We can now run some equilibration steps, add the reporter, and take some samples to estimate the capacitance. The full simulation may take a few minutes to run on a GPU, or several times longer if OpenMM is using CPUs.

[24]:

simulation.step(10000)

reporter = CapacitanceReporter(1000, conp, 0, 1)
simulation.reporters.append(reporter)

simulation.step(100000)

The result obtained from OpenMM should be similar to the value of \(0.798\ \mathrm{\mu F/cm^2}\) reported by Ref. 1 for the selected Thomas-Fermi length of \(5\ \mathrm{Å}\):

[25]:

reporter.capacitance().in_units_of(openmm.unit.micro * openmm.unit.farad / openmm.unit.centimeter ** 2)

[25]:

0.7978055825633273 uF/(cm**2)

Notes and Troubleshooting¶

In this tutorial, we have seen how to set up a constant potential simulation in OpenMM. The basic procedure, and considerations discussed above, should apply in general to any kind of system you want to simulate with the constant potential method. However, there are a few issues that did not arise in the example we replicated that you should nevertheless be aware of.

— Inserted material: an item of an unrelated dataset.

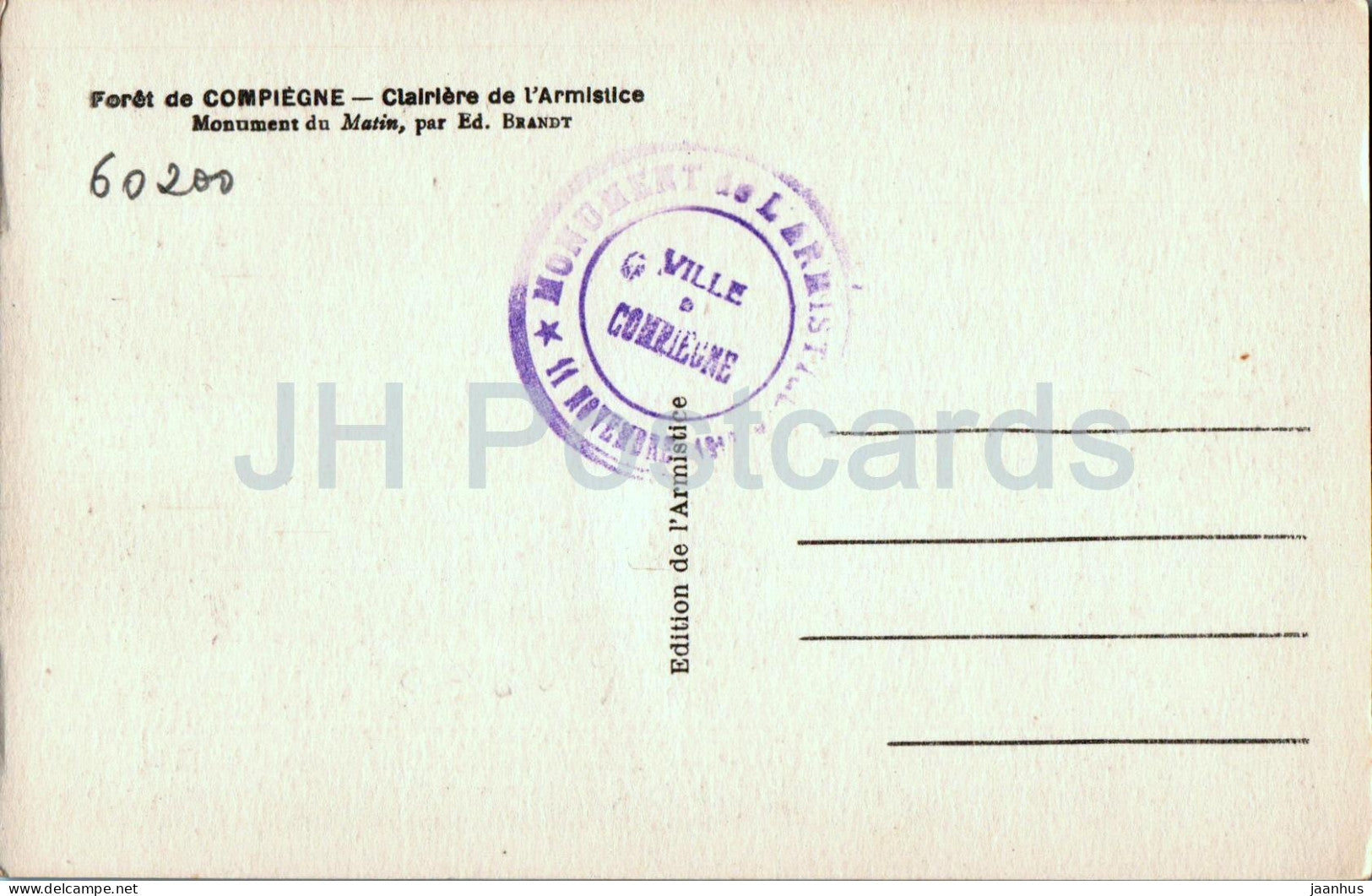 Forêt de Compiègne - Clairière de l'Armistice - monument - carte postale ancienne - France - inutilisée
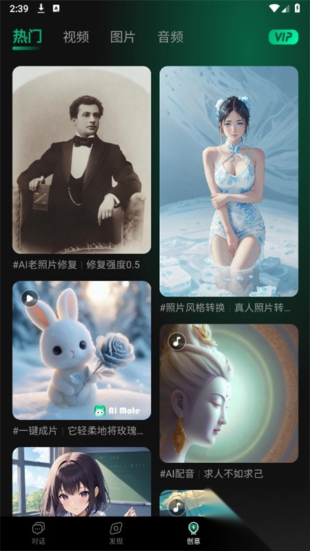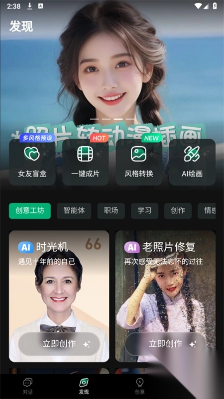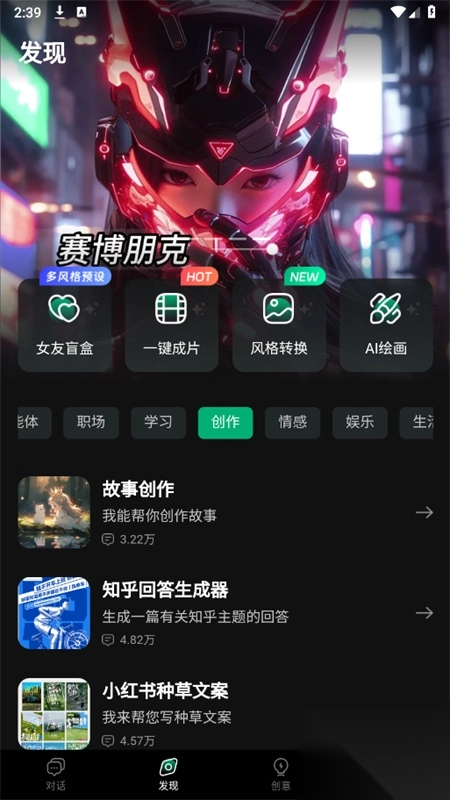 3、在发现页面,为大家提供了AI绘画、AI音乐、一键成品等功能,还可以根据不同场景选择需要的功能

First, in this example, all electrode atoms were held fixed. You may want to run a simulation with non-rigid electrodes. This can be done by giving the electrode atoms non-zero masses (and ensuring that the interactions you have specified between them will stabilize the desired structure). You may want to fix an atom or layer of atoms in each electrode in place in this case, or add a CMMotionRemover, to prevent them from drifting through the periodic box. Here, we used the same fixed density for the electrolyte as Ref. 1, but you may want to use a barostat to equlibrate your constant potential simulation at constant pressure and determine the optimal spacing between the electrodes to avoid placing the electrolyte under excess pressure or under tension. To do so, ensure first that you are using an anisotropic barostat like the MonteCarloAnisotropicBarostat. For finite field simulations, you will need to update the electric field strength whenever the box size changes. This can be done by calling ConstantPotentialForce.setExternalField() at the same interval as the update interval for the barostat, dividing the desired potential difference by the current width of the box, then calling ConstantPotentialForce.updateParametersInContext() if the external field changed to apply this change to the simulation.

Second, if you are using the conjugate gradient solver, you may wish or need to adjust its convergence tolerance. This can be done with ConstantPotentialForce.setCGErrorTolerance(). The default is \(10^{-4}\ \mathrm{kJ/mol/e}\), or approximately \(1.04\ \mathrm{\mu V}\). For typical applied potentials on the order of \(1\ \mathrm{V}\), this accuracy should usually be sufficient. If the solver is unable to converge to the requested tolerance, OpenMM will raise an exception. This is usually caused by one of the following problems:

There is a close overlap between an electrode atom and another atom, and either the initial positions that were set are unreasonable or the simulation has become unstable.
The Hessian of the potential energy with respect to the electrode charges is not positive definite. This can occur if the Gaussian width parameters for the electrodes are too large; ensure that they are set to an appropriate value.
The tolerance is set too small and numerical issues are preventing convergence. Either increase the tolerance, or if you need the accuracy, switch from single precision to mixed or double precision if the OpenMM platform provides this option.

For some more information about the CG solver including its built-in preconditioner, and information about using ConstantPotentialForce with polarizable force fields, consult the theory section of the user guide.